ACTIVITY ->
Copy only what lies from the line containing "sharp teeth and" through the line containing "中国日报网4月17日电(党超" in the entries below, keeping both end lines exact and dropping every picture.

DATA TO USE ->
===

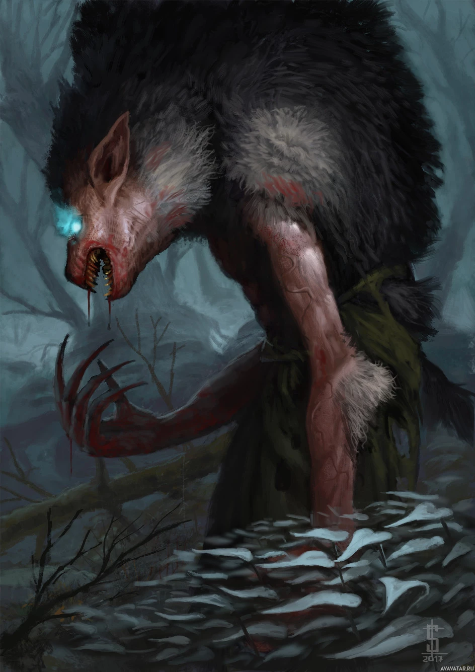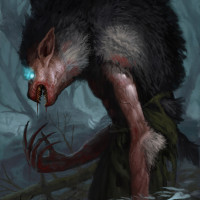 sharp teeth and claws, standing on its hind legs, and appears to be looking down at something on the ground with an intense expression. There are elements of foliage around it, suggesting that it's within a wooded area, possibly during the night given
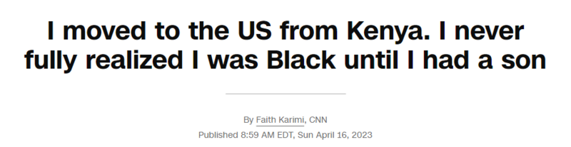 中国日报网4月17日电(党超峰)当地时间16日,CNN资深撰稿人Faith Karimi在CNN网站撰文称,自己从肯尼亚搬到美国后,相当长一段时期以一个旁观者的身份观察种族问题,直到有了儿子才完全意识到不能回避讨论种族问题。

===

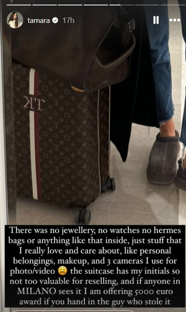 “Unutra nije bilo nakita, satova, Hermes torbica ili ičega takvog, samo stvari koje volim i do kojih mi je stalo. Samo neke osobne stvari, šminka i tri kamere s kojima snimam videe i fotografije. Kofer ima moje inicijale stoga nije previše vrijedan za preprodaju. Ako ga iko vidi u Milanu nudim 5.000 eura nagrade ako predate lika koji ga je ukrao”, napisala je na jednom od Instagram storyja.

===

OUTPUT OF THE TASK ->
 sharp teeth and claws, standing on its hind legs, and appears to be looking down at something on the ground with an intense expression. There are elements of foliage around it, suggesting that it's within a wooded area, possibly during the night given
 中国日报网4月17日电(党超峰)当地时间16日,CNN资深撰稿人Faith Karimi在CNN网站撰文称,自己从肯尼亚搬到美国后,相当长一段时期以一个旁观者的身份观察种族问题,直到有了儿子才完全意识到不能回避讨论种族问题。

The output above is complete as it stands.